Modanın beyinleri artık minimalizm ve süslü bebek görüntüsünün baydığını düşünüyor. Yaşamlarını geçmişin gül pembesi duvarları arasında, fiyonklar ve fırfırlar arasında hayal kurarak geçirmeyen bir sürü kadın var. Onlar bugünün normal hayatını yaşıyor. Teknolojinin her alana girmesini hayal ediyor, resesyonu farkediyor, sporla ilgileniyor, rahat olmak istiyor. Modanın fonksiyonel parçalara yönelmesi o kadar da tesadüfi değil yani. "Kadınlar özgürlük ve fantezi peşinde. Pratik ve bir amaca hizmet eden kıyafetler istiyorlar," diyor Miuccia Prada. Tek bir amaçtan bahsetmiyor; sözkonusu olan çok amaçlı giysiler. Mesela Miu Miu'nun koleksiyonunda etek ve yelek olarak da hizmet veren sırt çantası var. Benzer bir durum, Prada Sport'un defilesinde iyice göze çarpıyor: Markanın kırmızı etiketini taşıyan ergonomik tasarımlı ayakkabılar, acayip moda olan naylon ceketler... Baharlık teflonlu naylon, ultraviyoleye karşı koruyan polyester derken, anlıyoruz ki geleceğin üniformalarında kumaşa çok önem veriliyor.
Romantikler bile akımın en ateşli savunucuları olmuş durumda: Yohji Yamamoto'nun fermuarlı popo destekleri, Dolce & Gabbana'nın dizle basen arası fermuarlı ipek tekno pantolonları, Calvin Klein'in yine fermuarlı koton etekleri...
Daha abiyelere girersek: Lüksün mimarları bile bu yararlı giysilerden yana görünüyor. Louis Vuitton'un pançoları, Dior'un asker pantolonları, Helmut Lang'ın dizlikli bisiklet pantolonlarıyla takım "dirseklik çantaları"... Sadece Hüseyin Çağlayan, sırtında formika iskemlesi olan bir elbise tasarlayarak kendince, kısaca "oha" diye çevirebileceğimiz uzun bir İngilizce cümle kuruyor.
Yaşamınızı ne derece değiştirir, ne kadar kolaylaştırır bilemem ama '99' modası böyle bir şey işte... Artık otrişler bir başka bahara kaldı.


Yedim

* Ünlü marka Prada da memleketimize gelmek istiyormuş. Tek şartı Nişantaşı'nda ikamet etmekmiş. Müteşebbis dükkan sahiplerine duyurulur.
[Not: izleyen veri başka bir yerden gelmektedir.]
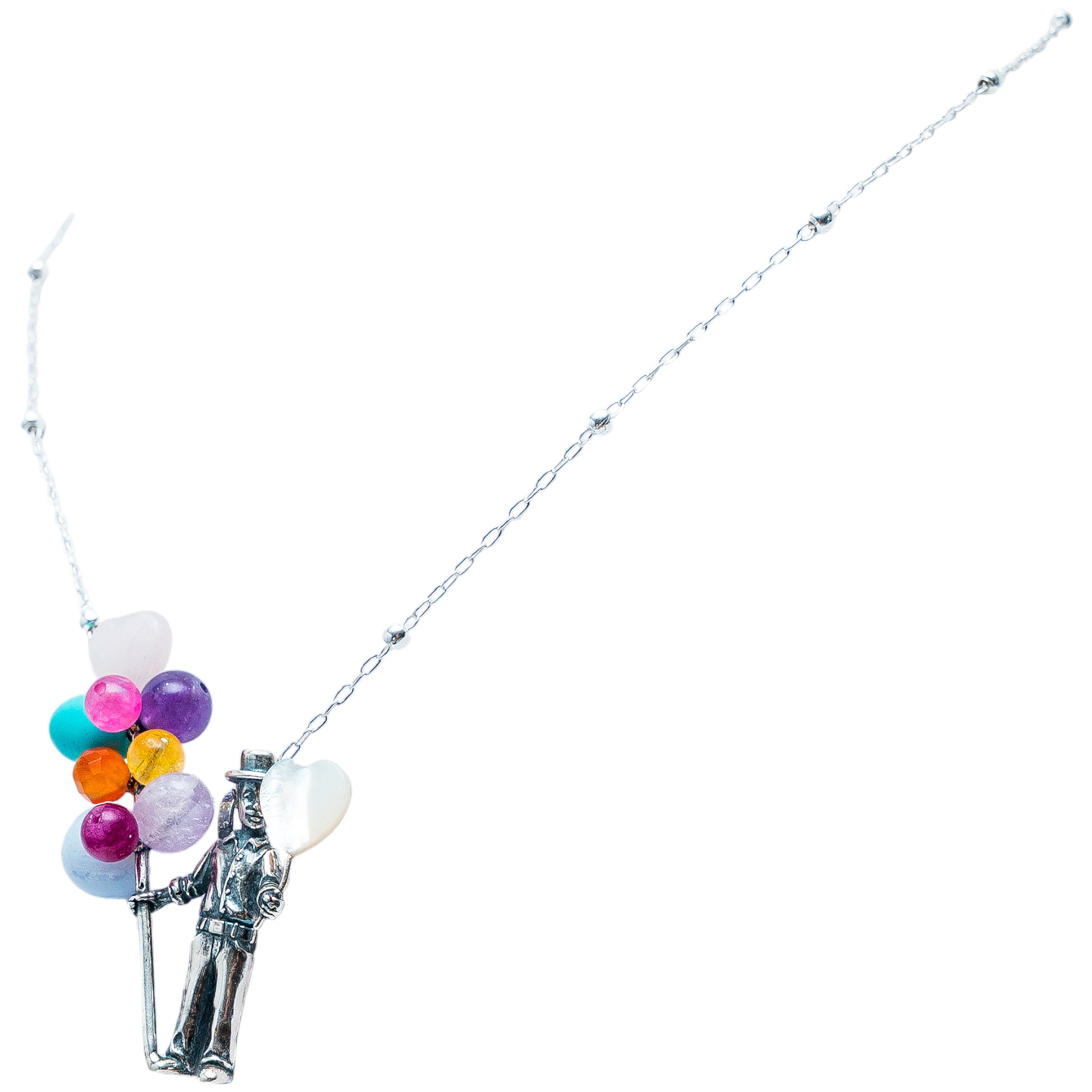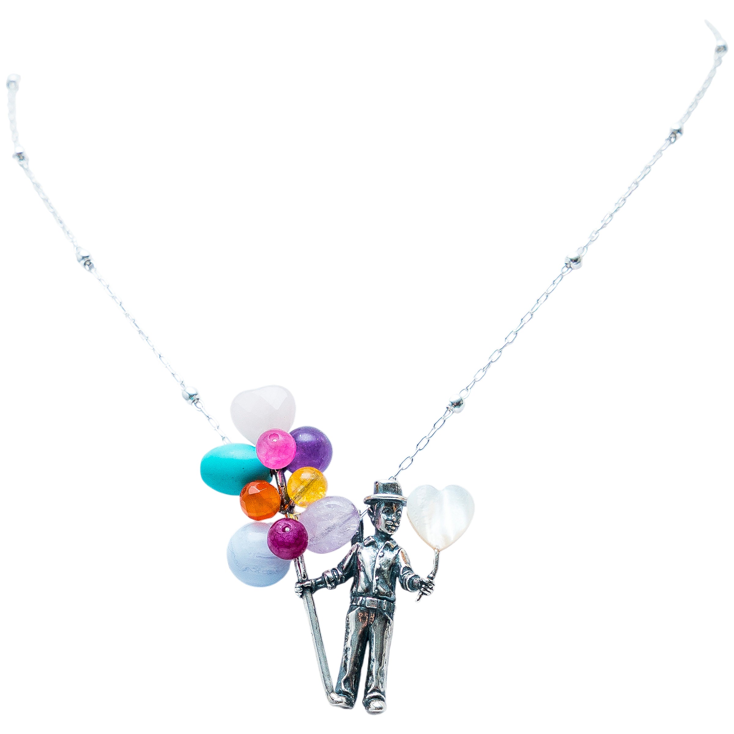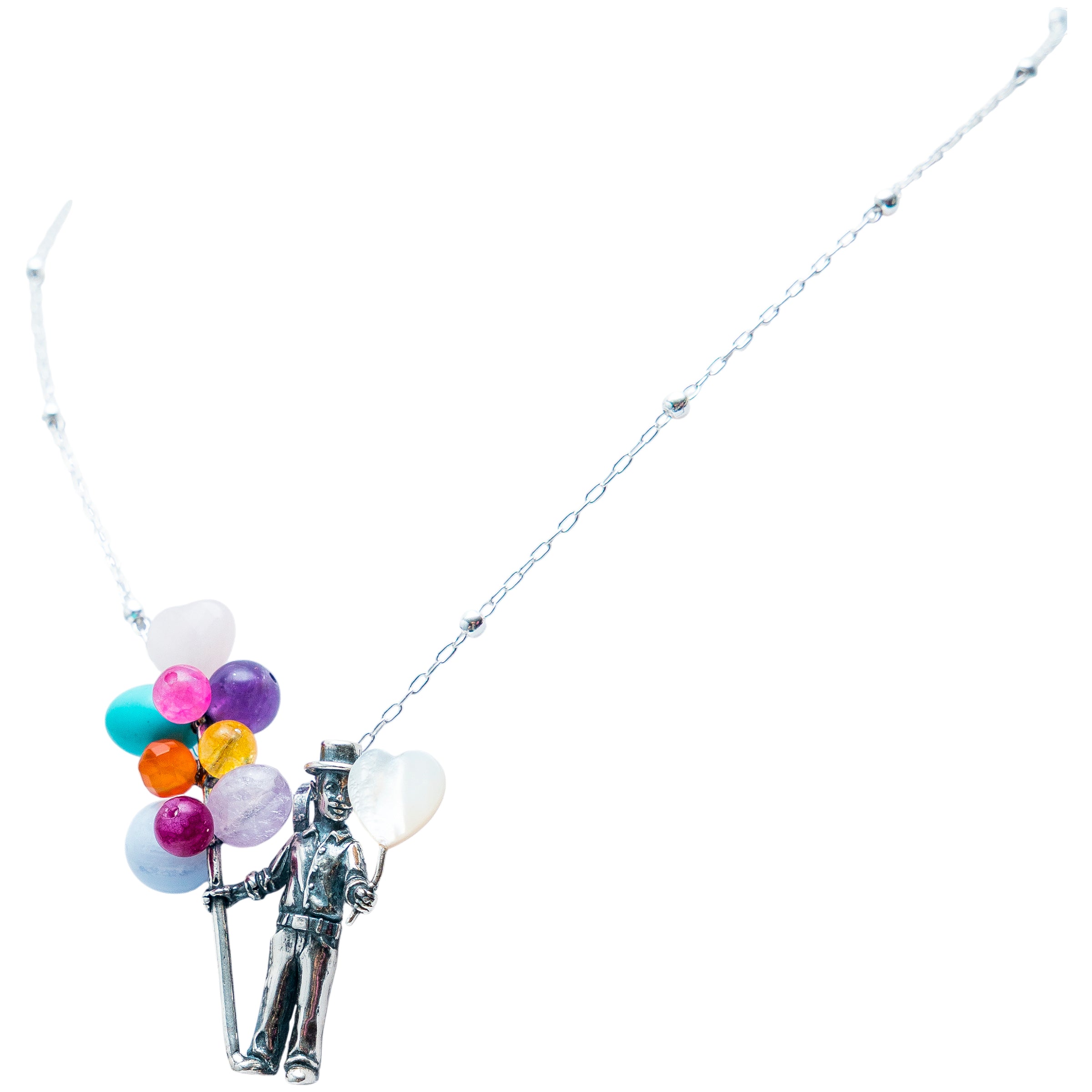 Un pequeño guardián sostiene globos de colores que abrazan el cielo.

* Asgari 27 yüzyıldır kadınların en sevdiği soru: "De bana / yeryüzünde / sevdiğin biri var mı / beni sevdiğin kadar?" Sappho

* Plajyolu Şütte'nin (cevizli incir tatlısı nefis) tam karşısında Bosna lokantası; özellikle Boşnak böreğini denemeniz lazım.

* Suadiye Beymen'in arkasında kitsch cenneti Dom. Şişme koltuk, yastık saat, balon vazo... Çok plastik, çok eğlenceli. Üstelik çok makul fiyatlara...
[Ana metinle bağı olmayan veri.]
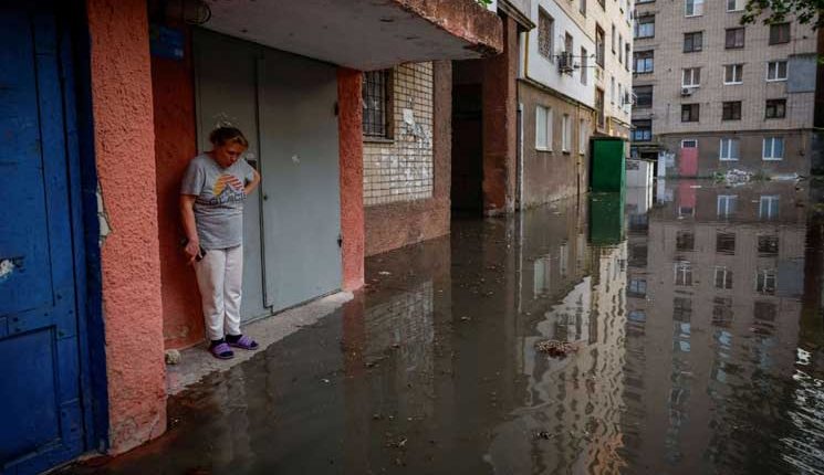 بالصور ؛ عمليات إجلاء السكان مستمرة بعد تدمير جزئي لسد كاخوفكا في جنوب أوكرانيا

* En moda ilaçlar: Zararlı bakteri ve toksinleri atıp vücudu kanser ve karaciğer rahatsızlıklarına karşı koruyan Pomegranate, moda dünyasının mor renkli multivitamini Omnium, yeni uyarıcı, uyandırıcı Modafinil, bağışıklık sistemini güçlendiren anti oksidan enerji bombası Pycnogenol.

* Sadece katı yumurtayla haşlanmış patatesin bulunduğu günlerden zengin mönüye... Peynir tabağı gösterişli, kasap köftesi çok lezzetli. Eskinin Panayot Meyhanesi, şimdinin Tarihi Pano Şaraphanesi, Galatasaray.

* Bütün saçlar kahverengi (maalesef).